Yes my darling.... I am before noon

How was your day?


----------



## UTX1

cynamin said:


> Yes my darling.... I am before noon
> 
> How was your day?


Was about as always, hot as a pistol outside.
50 pieces or so. All houses, no apts. Irving area.
In by 9, done by 12.

Introduce yourself to the folks there at DDA1
They actually have plenty to do there and can keep you busy.
They can't technically "give" you anything, but you'll notice that
some drivers tend to stay busier than others. Figure that one out.

From my experience, Amazon is a cesspool of favoritism.
You can rail against it all you want, but at the end of the day
that's what was happening for the folks that worked there.

That's all inside Amazon. We're drivers so we don't have to participate.
You'll probably soon find out some of the less positive aspects of the gig.
It's all built in so that everyone has a chance to be equally miserable.

Just cruise around, have a beverage (non-alc) and drop off packages.
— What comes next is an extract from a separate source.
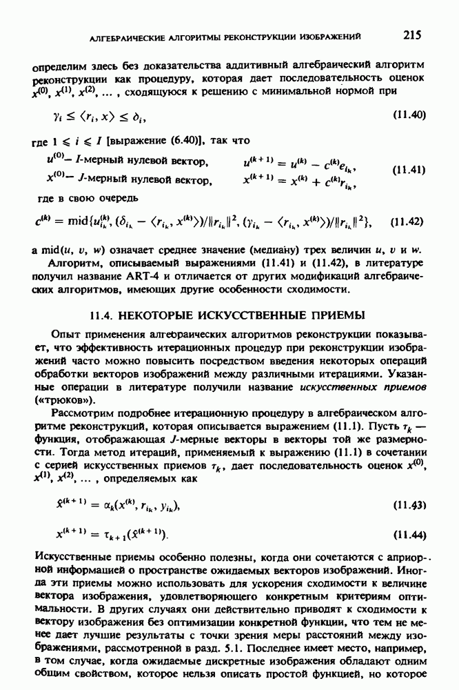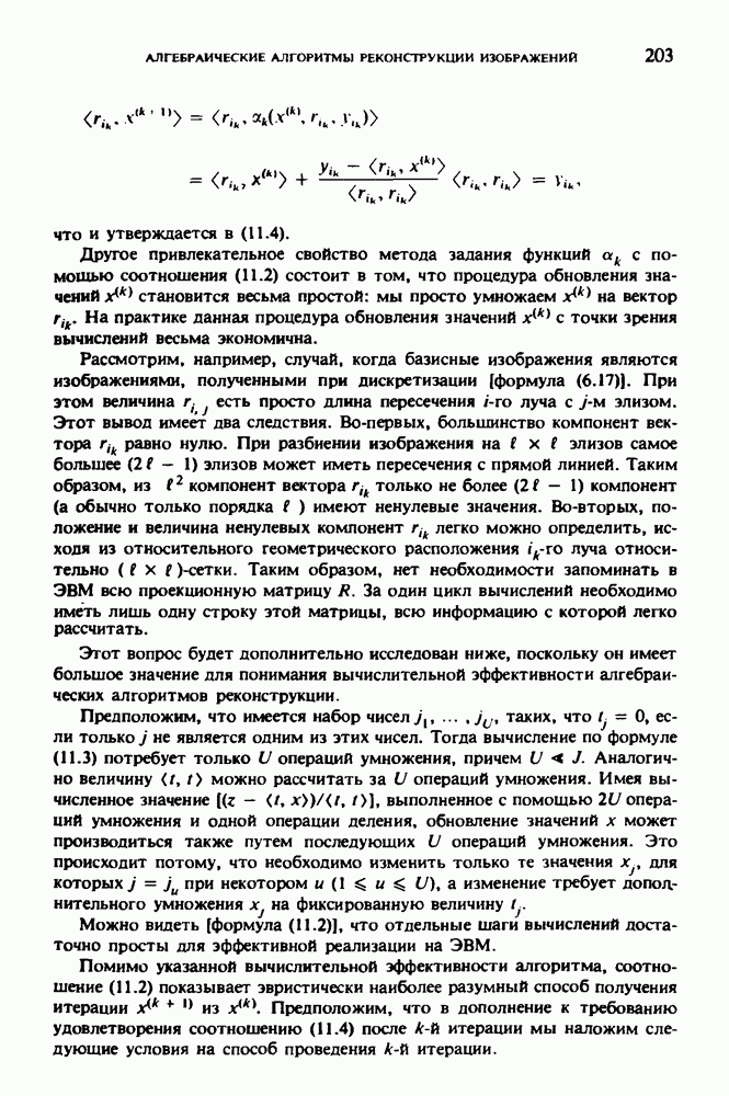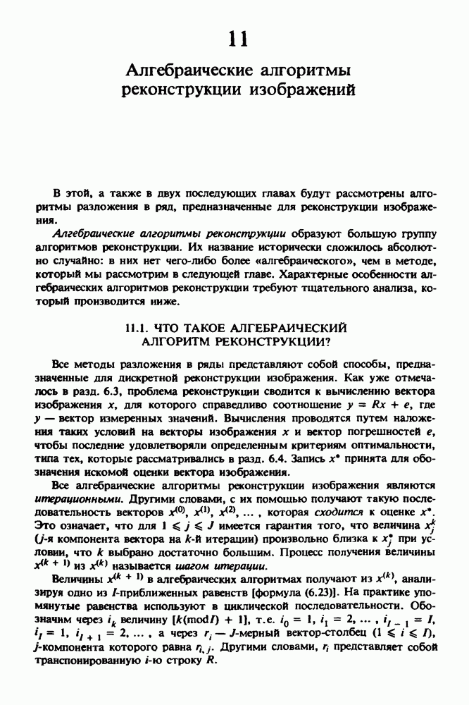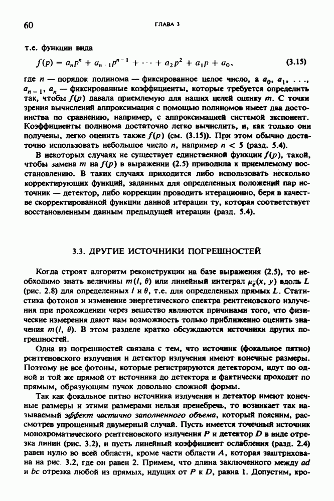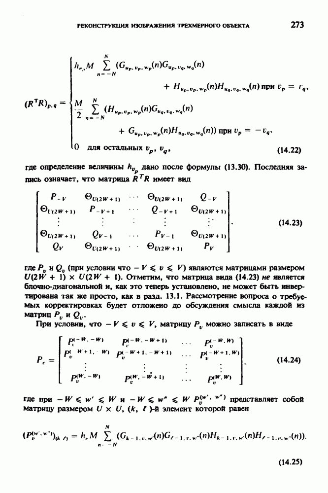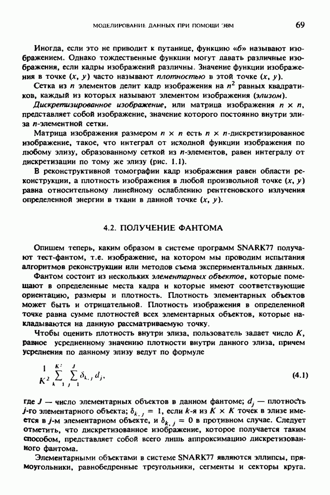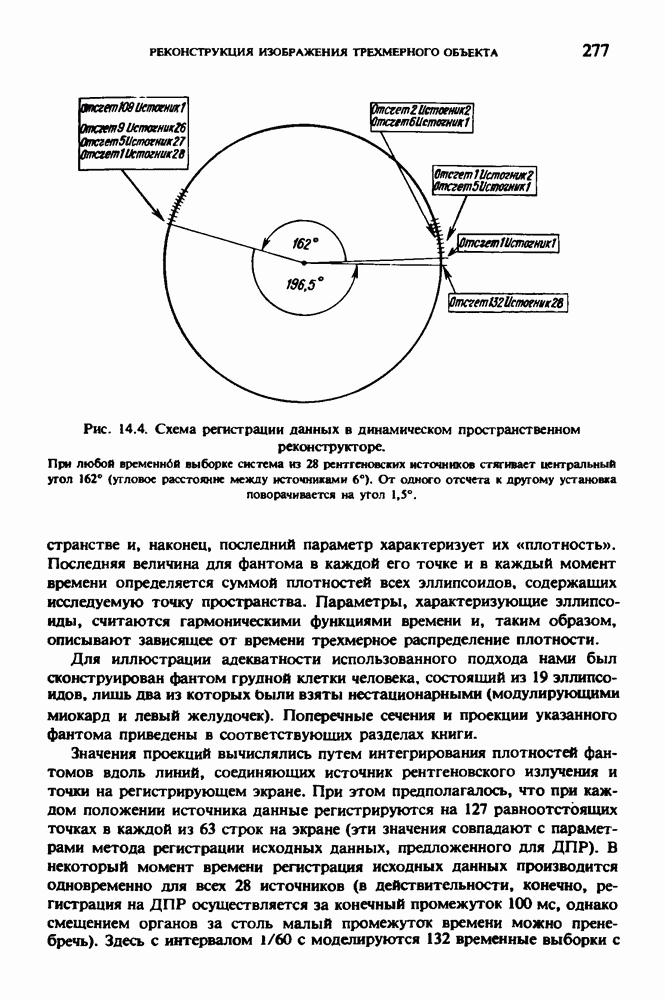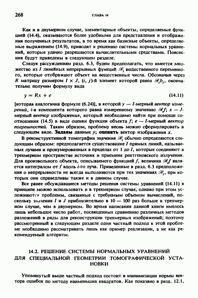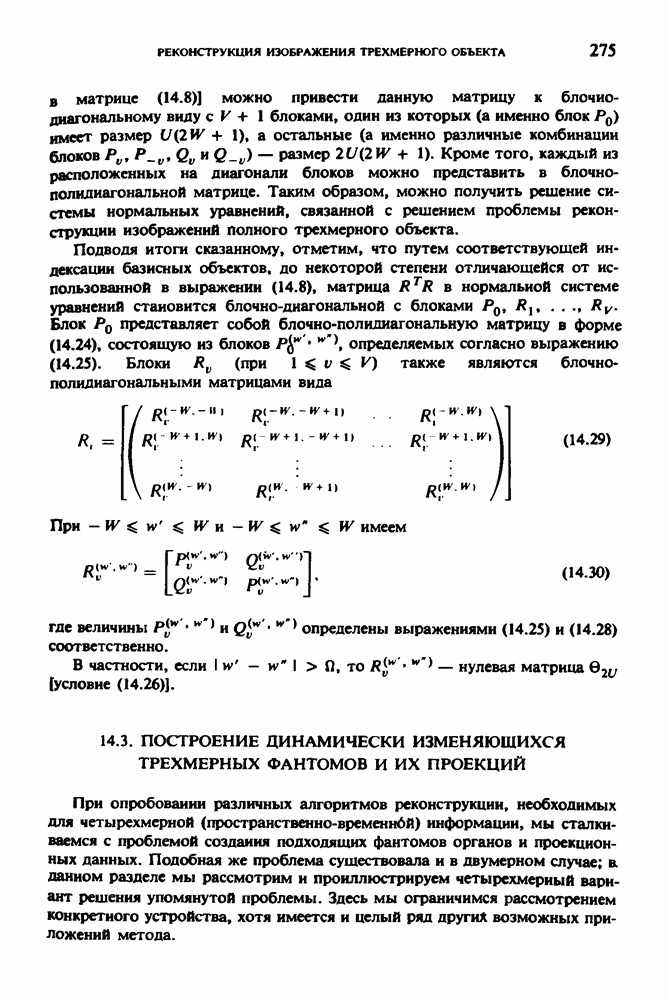 Рис. 15.6. Анатомическая структура фрагмента системы желудочков головного мозга человека. 1 — передние рога латерального желудочка; 2 — третий желудочек; 3 — четверохолмие; 4 — задние рога латерального желудочка. Рис. 15.7. (см. скан) Трехмерные проекции зарегистрированной поверхности системы желудочков головного мозга человека. Для формирования трехмерного изображения системы желудочков (рис. 15.7) были использованы все рассмотренные в трех предыдущих разделах операции определения границ органов, исключения скрытых их частей поверхности и наложения теней. Число зарегистрированных граничных граней для системы желудочков составляло 8970, при этом регистрация множества из 80 х 80 х 38 элементарных объемов требует менее 0,5 мин машинного времени (на мини-ЭВМ типа Eclipse S/200). Последующие иллюстрации относятся к отображению области спинного мозга пациента, страдающего дисрафизмом (напомним, что дисрафизм — это заболевание, при котором спинной мозг развивается ненормально). На рис. 15.8 представлено реконструированное изображение поперечного сечения тела пациента, на котором хорошо видна костная спи-кула, разделяющая позвоночный столб. На рис. 15.8 нами выделена область, состоящая из Рис. 15.8. (см. скан) Поперечное сечение тела пациента, страдающего дисрафизмом. Костная спикула показана стрелкой. Рамкой обведена область, состоящая из изображения и содержащая изображение ствола спинного мозга. Каждая из ячеек имеет размеры 0,8 х 0,8 мм. Из серии восьми смежных срезов толщиной 1,5 мм методом линейной интерполяции формировался трехмерный массив усредненных плотностей, состоящий из Проблема отображения срезов толщиной 1,5 мм состоит в том, что для «заполнения» элементарными объемами значительной части спинного мозга требуется большое число срезов. Один и тот же пациент должен быть просканирован 10 раз для получения смежных срезов толщиной 5 мм, а затем по этим срезам необходимо формировать трехмерный массив, содержащий в данном случае Рис. 15.9. (см. скан) Два последовательных среза толщиной 0,8 мм, вычисленных путем интерполяции данных по срезам толщиной 1,5 мм. — изображения, соответствующие приведенному в области из 96 х 96 элементов на рис. 15.8; б - совокупность элементов изображения с «высокими» значениями чисел Хаунсфилда показана светлой, причем выбор высоких значений был сделан для выделения костных тканей. рис. 15.10,б спикула не выглядит полностью отделенной от спинного мозга. Это изображение — иллюстрация возникающего эффекта частичного заполнения, описанного в разд. 3.3. Изображение спикулы настолько тонкое, что не может заполнить полностью элементарный объем в срезах толщиной 5 мм, поэтому числа Хаунсфилда в пределах среза неточно характеризуют коэффициент линейного ослабления рентгеновского излучения в костных тканях спикулы. Напротив, срезы толщиной 1,5 мм оказываются достаточно тонкими и позволяют получить точные значения чисел Хаунсфилда (рис. 15.9); при этом спикула на изображении идентифицируется достаточно точно. Это явление иллюстрируется также рис. 15.11 и 15.12, где левые изображения получены по серии из 10 срезов толщиной 5 мм, а правые — по серии из 8 срезов толщиной 1,5 мм. На рис. 15.11,а и 15.12,а за основу взяты изображения рис. 15.8 — 15.10, в которых фрагмент из 96 х 96 элементов изображения использовался для идентификации спинного мозга в целом. На р

I'll take you with me, if you want 
..and yes you can bring your packages with you...


----------



## cynamin

If i get chumy with the workers...will i get to pick my cart -


----------



## UTX1

cynamin said:


> If i get chumy with the workers...will i get to pick my cart -


Ya' see ? This is how it always starts.

Pretty soon, they just bring you a cart. 
It's got packages of stuff that you ordered over the weekend.
You just drive them back to your house, scan them delivered.
You get paid to pick up and drop off your own stuff. How crazy !


----------



## nighthawk398

I actually gave some water bottles out at DDA1 the other day they seemed to loved it and gave me an easy load


----------



## Mustang_ Pete

I remember doing phone book delivery wears out ur car and time not worth the headache and dealing with ghetto people.


----------



## cynamin

nighthawk398 said:


> I actually gave some water bottles out at DDA1 the other day they seemed to loved it and gave me an easy load


Dang... Maybe I need to pass out apples


----------



## cynamin

UTX1 said:


> Ya' see ? This is how it always starts.
> 
> Pretty soon, they just bring you a cart.
> It's got packages of stuff that you ordered over the weekend.
> You just drive them back to your house, scan them delivered.
> You get paid to pick up and drop off your own stuff. How crazy !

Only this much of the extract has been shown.